Well, I'm not sure if this will work for you, but I think it will go a long way. Basically, you need to find an agreement between the appraisers for the various criteria of the agreement. This is really not such a big deal. In principle, either supporters agree or disagree for Cohen Kappa's purposes.
Start by creating your data:
testdata <- structure(list(A=c(2,2,0,0,0,0,0,0,0), B=c(0,0,0,0,1,0,1,0,2), C=c(0,0,0,0,1,0,0,2,0), D=c(0,0,2,0,0,2,1,0,0), E=c(0,0,0,2,0,0,0,0,0)), row.names = c(NA,9L), class = "data.frame")
To calculate kappa, we will use the irr package:
library(irr)
The kappa2 function in irr takes a 2 * n data frame or matrix and returns a calculation. Your data is in a different format, so we need to convert it to what kappa2 can handle. If you are already in this format, it will be much easier.
First, I start by creating a new data frame to get restructured results.
new_testdata <- data.frame(R1="",R2="",stringsAsFactors=FALSE)
Now a simple loop is sent to each line and returns a vector with the ratings of each rater. Obviously, these are not the actual ratings that were assigned; the code here simply assumes that the first rater was always considered higher than the second rater. This does not matter in this particular case, since we are only concerned with the agreement, but I hope that you have complete data.

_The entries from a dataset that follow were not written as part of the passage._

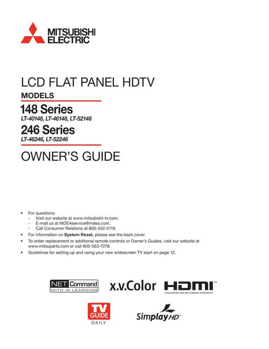 Mitsubishi LT40148 LT46148 LT46246 TV Operating Manual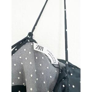 A flowy midi slip dress from Zara featuring a classic black and white polka dot pattern, designed with delicate spaghetti straps, a flattering ruched bust, and a stylish side slit for movement. Lightweight silky feel with a lace up detail on the back. Satin effect dress with ruched V-neckline and tied thin crisscross straps at back.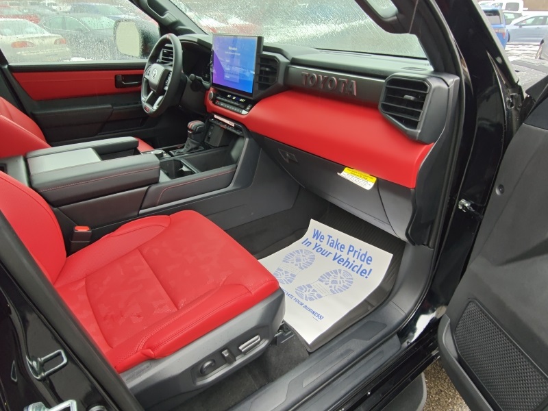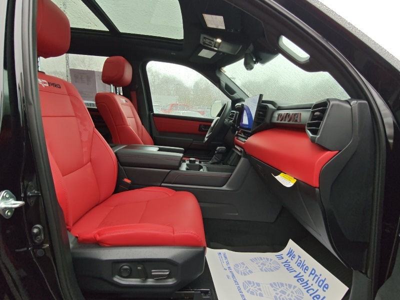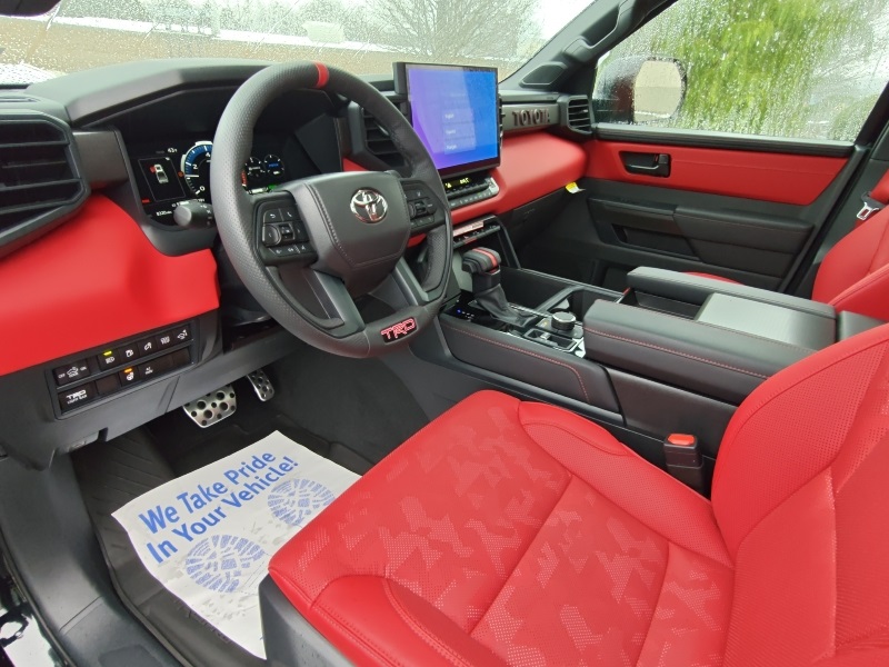 Recent Arrival! **ONE OWNER**, **CLEAN CARFAX**, **TOYOTA CERTIFIED**, **FOUR WHEEL DRIVE**, **HEATED SEATS**, **COOLED SEATS**, **ADAPTIVE CRUISE CONTRL**, **LANE KEEP ASSIST**, **BLIND SPOT DETECTION**, **FRONT CRASH DETECTION**, **BLUETOOTH**, **NAVIGATION**, **BACKUP CAMERA**, **PREMIUM WHEELS**, ** REMOTE START**, **PANO SUNROOF**, **360 SURROUND CAMERA**, **TOW PACKAGE**, **ANDROID AUTO**, **APPLE CARPLAY*, **POWER TAILGATE**, Tundra Hybrid TRD Pro, 3.4L V6, 4WD, Cockpit Red w/SofTex Seat Trim, 4-Wheel Disc Brakes, ABS brakes, Auto High-beam Headlights, Automatic temperature control, Delay-off headlights, Exterior Parking Camera Rear, Front dual zone A/C, Front fog lights, Fully automatic headlights, Garage door transmitter: HomeLink, Heated & Ventilated Front Bucket Seats, Heated front seats, Heated steering wheel, Illuminated entry, Low tire pressure warning, Memory seat, Navigation System, Power driver seat, Power moonroof, Power passenger seat, Remote keyless entry, Steering wheel mounted audio controls, Telescoping steering wheel, Tilt steering wheel.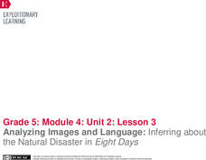 Pictures often reveal different meanings. Scholars analyze the images in Eight Days and discuss how they add meaning to the text. Readers answers questions about how specific colors are used to create different emotions. Learners then...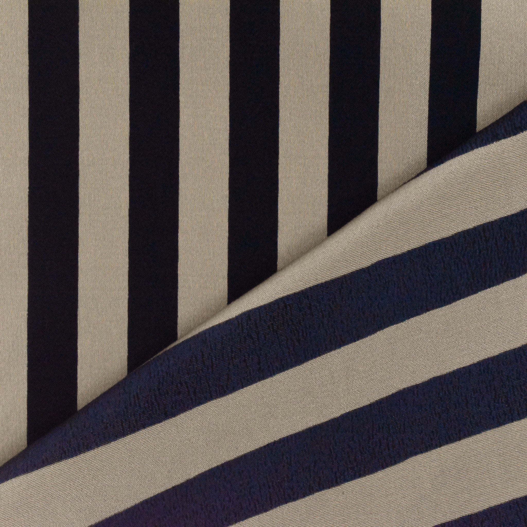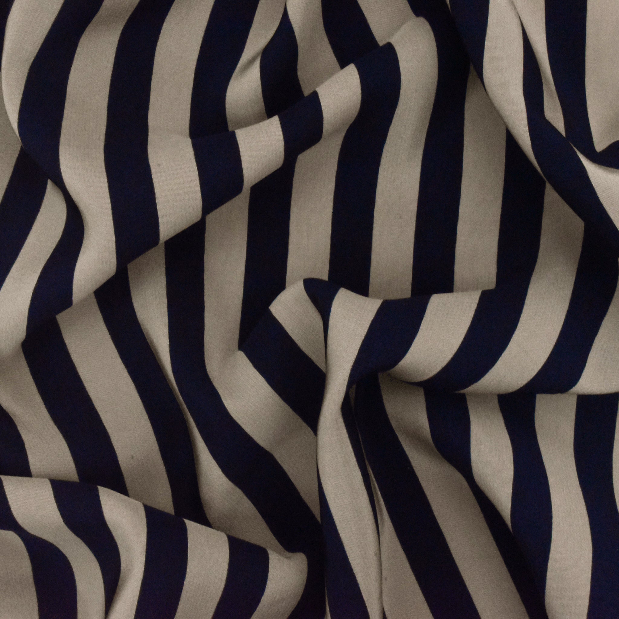 Navy Blue-Taupe Stripe Printed Silk Crepe De Chine Fabric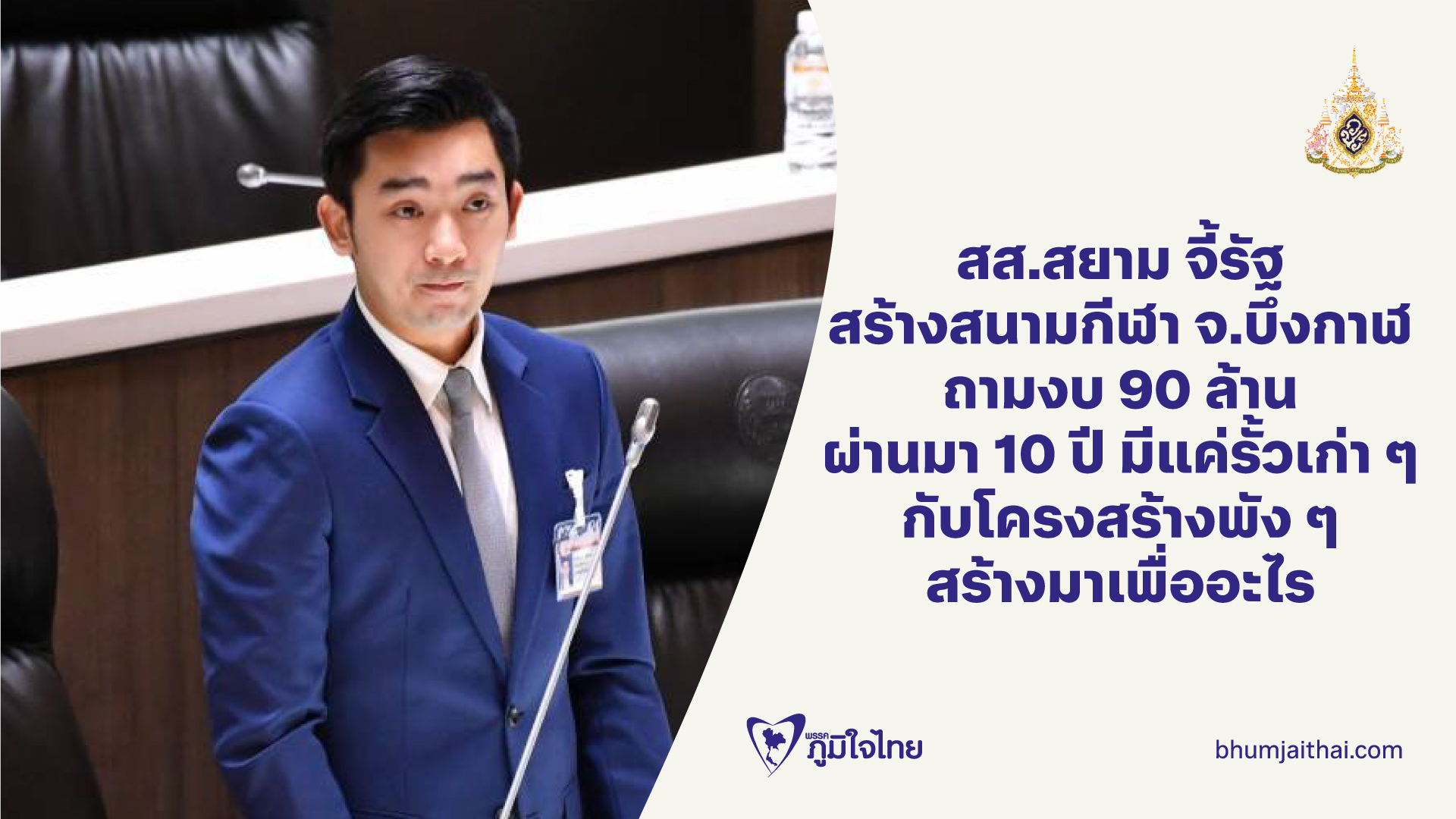 สส.สยาม จี้รัฐสร้างสนามกีฬา จ.บึงกาฬ ถามงบ 90 ล้าน ผ่านมา 10 ปี มีแค่รั้วเก่า ๆ กับโครงสร้างพัง ๆ สร้างมาเพื่ออะไร

for(x in 1:dim(testdata)[1]) { new_testdata <- rbind(new_testdata,rep(names(testdata),testdata[x,])) } rm(x) new_testdata <- new_testdata[-1,]

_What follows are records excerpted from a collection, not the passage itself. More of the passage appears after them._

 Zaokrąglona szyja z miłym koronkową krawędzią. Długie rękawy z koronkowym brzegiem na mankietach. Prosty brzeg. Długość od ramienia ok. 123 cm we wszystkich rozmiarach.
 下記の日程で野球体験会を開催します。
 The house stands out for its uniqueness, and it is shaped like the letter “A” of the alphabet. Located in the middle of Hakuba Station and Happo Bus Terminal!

Now we can get regular kappa.
kappa2(ratings=new_testdata) Cohen Kappa for 2 Raters (Weights: unweighted) Subjects = 9 Raters = 2 Kappa = 0.723 z = 4.56 p-value = 5.23e-06
Now you want to have another mouthguard where one level of disagreement is not rated as a problem. It's not a problem; basically, what you need to do is convert what is in new_testdata to a binary representation of consent or disagreement. In this case, it should not affect the kappa. (This, however, will affect the kappa if your appraisers have only two levels from which the value will be artificially closed).
To get started, create a table that converts letters to numbers. It will make our life easier.
convtable <- data.frame(old=c("A","B","C","D","E"), new=c(1,2,3,4,5), stringsAsFactors=FALSE)
Now we can use it to convert the values โโin new_testdata to numeric representations.
new_testdata$R1 <- convtable$new[match(new_testdata$R1,convtable$old)] new_testdata$R2 <- convtable$new[match(new_testdata$R2,convtable$old)]
We can easily verify agreement by simply using the difference between the two columns.
new_testdata$diff <- abs(new_testdata$R1-new_testdata$R2)
Then simply re-encode R1 and R2 equal to 1 and 1 for places that match your consent criteria (less than or equal to the same level of difference between the two ratings) and 1 and 0 (or 0 and 1) otherwise.
new_testdata[new_testdata$diff<=1,c("R1","R2")] <- c(1,1) new_testdata[new_testdata$diff>1,c("R1","R2")] <- c(1,0) new_testdata <- new_testdata[1:2]
Now just run your mouthguard.
kappa2(ratings=new_testdata) Cohen Kappa for 2 Raters (Weights: unweighted) Subjects = 9 Raters = 2 Kappa = 0 z = NaN p-value = NaN
What happened? Well, the data that you gave me was basically completely agree when using the agreement as a +/- 1 level. There are some methodological problems that can occur when kappa is executed in a binary response variable, as shown in the CrossValidated post that I linked. If your data is less โhomogeneousโ than the sample data, you should get the actual kappa value, not an abnormal zero like this. However, this is a question of more complex methods, and you may need to refer to CrossValidated.